# What is needed
Nothing outside the range is to be copied. From the entries below, reproduce exactly the lines starting at the one with "デュアルコアアイライナー ウォータープルーフ ペンシルアイライナー" and ending at the one with "Man cosplay. Wearing", without pictures.

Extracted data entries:
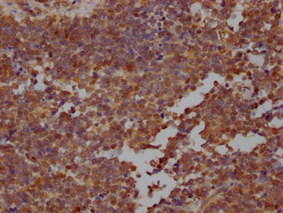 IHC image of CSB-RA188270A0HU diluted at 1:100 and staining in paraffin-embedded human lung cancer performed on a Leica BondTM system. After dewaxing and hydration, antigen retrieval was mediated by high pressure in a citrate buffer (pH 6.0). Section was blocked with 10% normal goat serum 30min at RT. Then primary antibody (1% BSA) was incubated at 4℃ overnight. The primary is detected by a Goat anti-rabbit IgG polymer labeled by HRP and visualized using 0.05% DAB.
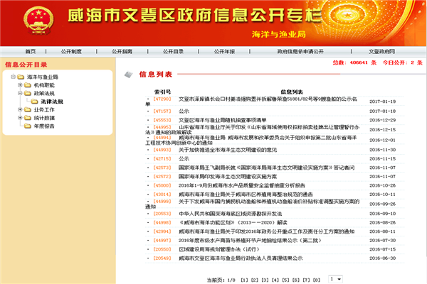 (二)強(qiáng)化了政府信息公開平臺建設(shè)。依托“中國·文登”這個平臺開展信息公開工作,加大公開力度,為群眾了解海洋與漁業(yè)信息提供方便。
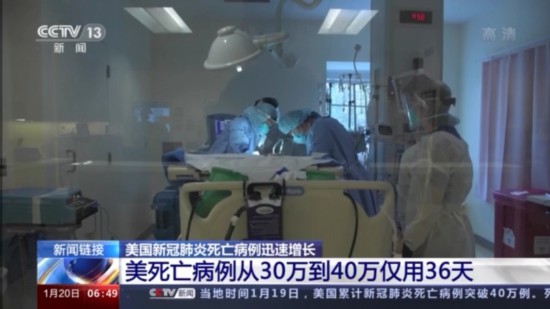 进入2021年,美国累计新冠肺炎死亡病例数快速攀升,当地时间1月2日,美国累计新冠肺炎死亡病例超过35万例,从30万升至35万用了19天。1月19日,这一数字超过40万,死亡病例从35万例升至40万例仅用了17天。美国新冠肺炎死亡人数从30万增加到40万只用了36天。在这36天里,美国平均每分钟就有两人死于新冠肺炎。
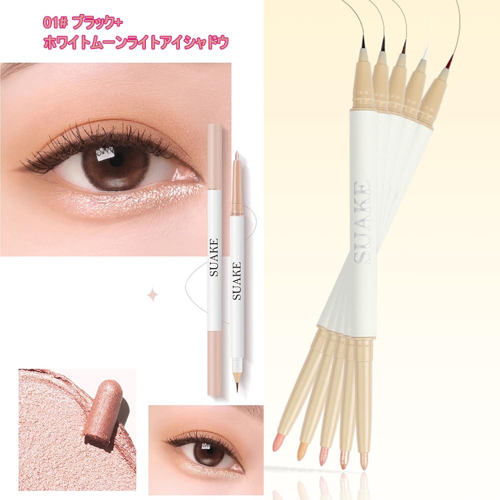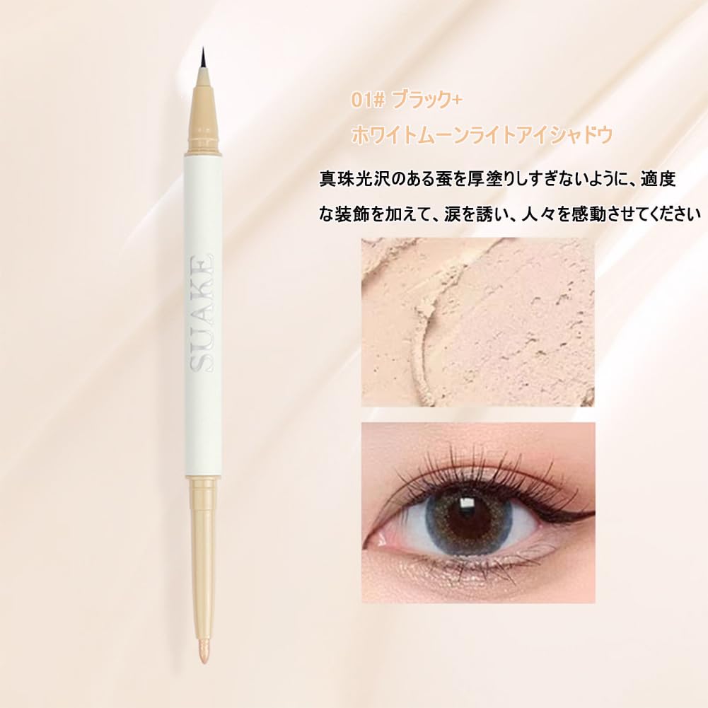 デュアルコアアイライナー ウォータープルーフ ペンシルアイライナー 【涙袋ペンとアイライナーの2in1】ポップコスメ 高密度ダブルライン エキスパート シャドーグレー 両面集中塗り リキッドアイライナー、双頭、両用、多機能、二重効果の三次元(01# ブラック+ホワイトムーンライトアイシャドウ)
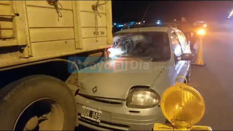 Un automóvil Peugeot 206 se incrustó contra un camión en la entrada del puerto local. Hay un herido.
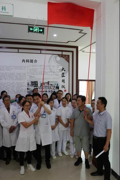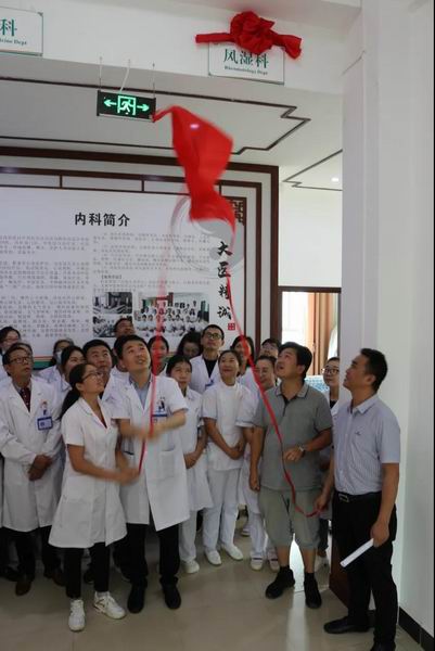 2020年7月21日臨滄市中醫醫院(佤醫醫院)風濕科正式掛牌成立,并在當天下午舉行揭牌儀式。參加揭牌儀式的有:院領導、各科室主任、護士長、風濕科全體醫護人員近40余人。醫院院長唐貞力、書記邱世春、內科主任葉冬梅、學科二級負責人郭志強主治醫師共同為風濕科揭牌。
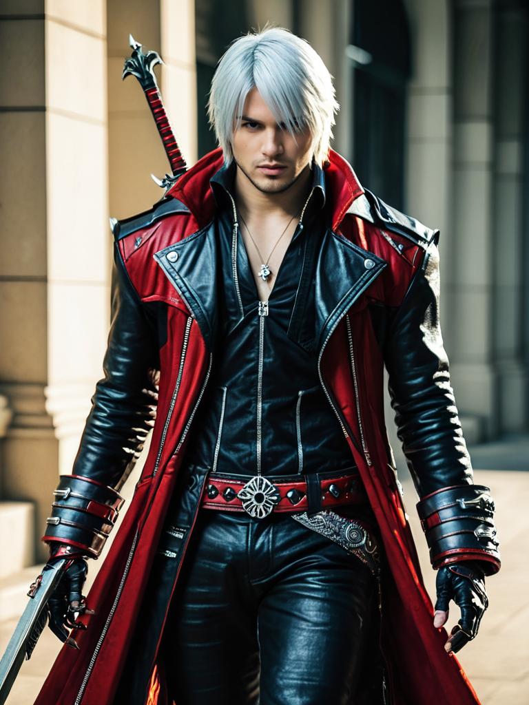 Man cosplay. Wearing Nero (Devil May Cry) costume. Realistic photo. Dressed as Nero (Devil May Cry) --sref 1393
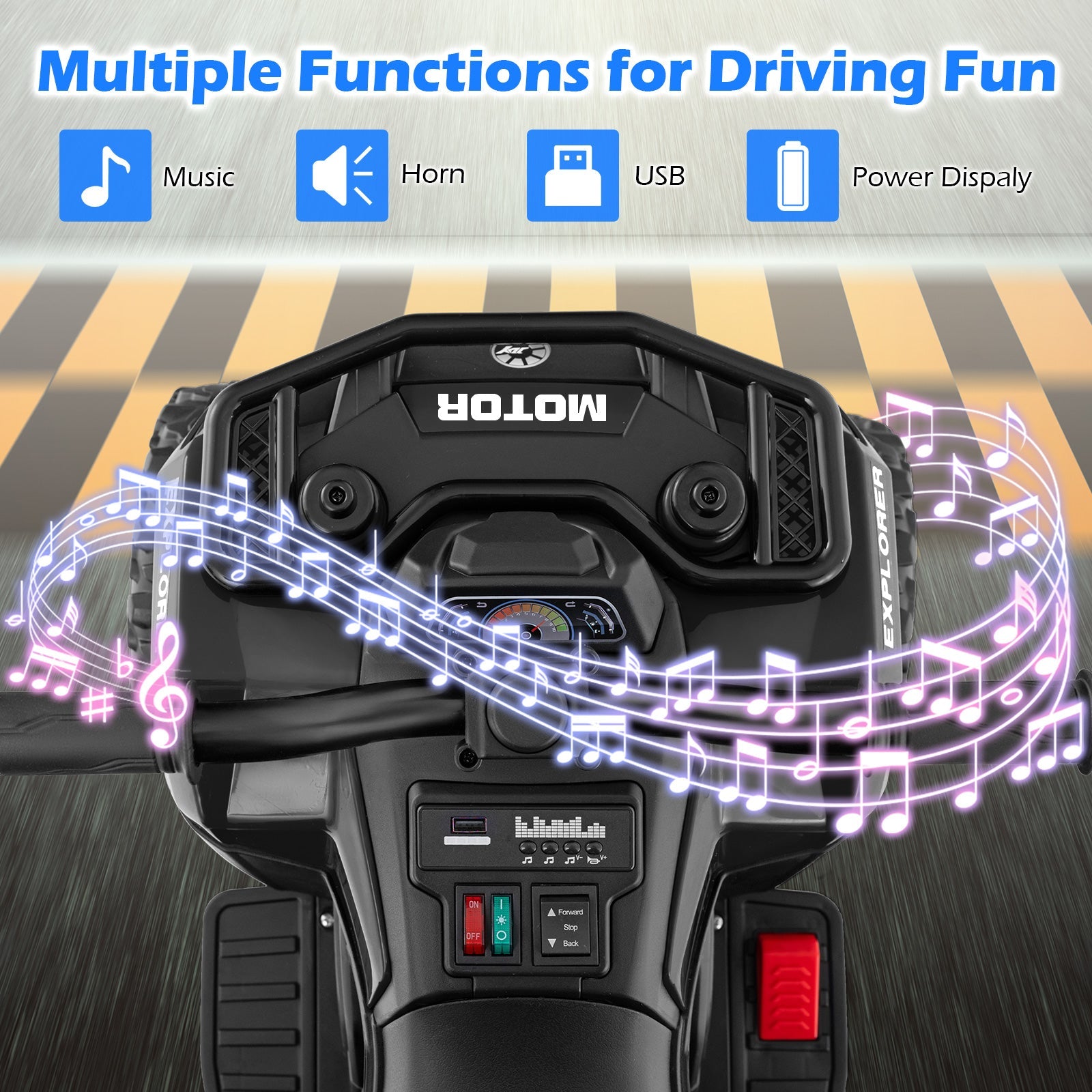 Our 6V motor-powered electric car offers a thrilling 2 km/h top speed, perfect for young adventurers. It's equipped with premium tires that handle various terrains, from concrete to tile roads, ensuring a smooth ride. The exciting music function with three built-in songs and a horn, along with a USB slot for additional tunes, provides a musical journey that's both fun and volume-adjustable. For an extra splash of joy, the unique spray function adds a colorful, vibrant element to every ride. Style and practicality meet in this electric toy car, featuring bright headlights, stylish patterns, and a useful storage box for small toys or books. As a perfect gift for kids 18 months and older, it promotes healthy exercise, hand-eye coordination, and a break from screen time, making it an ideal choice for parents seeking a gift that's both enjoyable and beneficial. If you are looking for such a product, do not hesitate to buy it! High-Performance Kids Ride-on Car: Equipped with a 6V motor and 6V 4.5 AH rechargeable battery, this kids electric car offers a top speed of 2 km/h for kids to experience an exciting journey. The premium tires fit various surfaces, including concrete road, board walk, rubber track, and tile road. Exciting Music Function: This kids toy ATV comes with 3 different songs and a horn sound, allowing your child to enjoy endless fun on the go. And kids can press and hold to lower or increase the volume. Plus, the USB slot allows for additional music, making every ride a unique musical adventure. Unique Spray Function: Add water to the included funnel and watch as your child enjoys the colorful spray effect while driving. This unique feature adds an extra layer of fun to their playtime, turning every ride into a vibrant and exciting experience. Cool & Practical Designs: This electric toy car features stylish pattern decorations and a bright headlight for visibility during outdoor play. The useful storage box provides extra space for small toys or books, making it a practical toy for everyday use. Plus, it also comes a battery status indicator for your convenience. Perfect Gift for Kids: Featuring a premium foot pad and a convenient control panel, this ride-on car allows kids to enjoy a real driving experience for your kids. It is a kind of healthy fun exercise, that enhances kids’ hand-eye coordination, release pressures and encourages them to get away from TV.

# Finished task
 デュアルコアアイライナー ウォータープルーフ ペンシルアイライナー 【涙袋ペンとアイライナーの2in1】ポップコスメ 高密度ダブルライン エキスパート シャドーグレー 両面集中塗り リキッドアイライナー、双頭、両用、多機能、二重効果の三次元(01# ブラック+ホワイトムーンライトアイシャドウ)
 Un automóvil Peugeot 206 se incrustó contra un camión en la entrada del puerto local. Hay un herido.
 2020年7月21日臨滄市中醫醫院(佤醫醫院)風濕科正式掛牌成立,并在當天下午舉行揭牌儀式。參加揭牌儀式的有:院領導、各科室主任、護士長、風濕科全體醫護人員近40余人。醫院院長唐貞力、書記邱世春、內科主任葉冬梅、學科二級負責人郭志強主治醫師共同為風濕科揭牌。
 Man cosplay. Wearing Nero (Devil May Cry) costume. Realistic photo. Dressed as Nero (Devil May Cry) --sref 1393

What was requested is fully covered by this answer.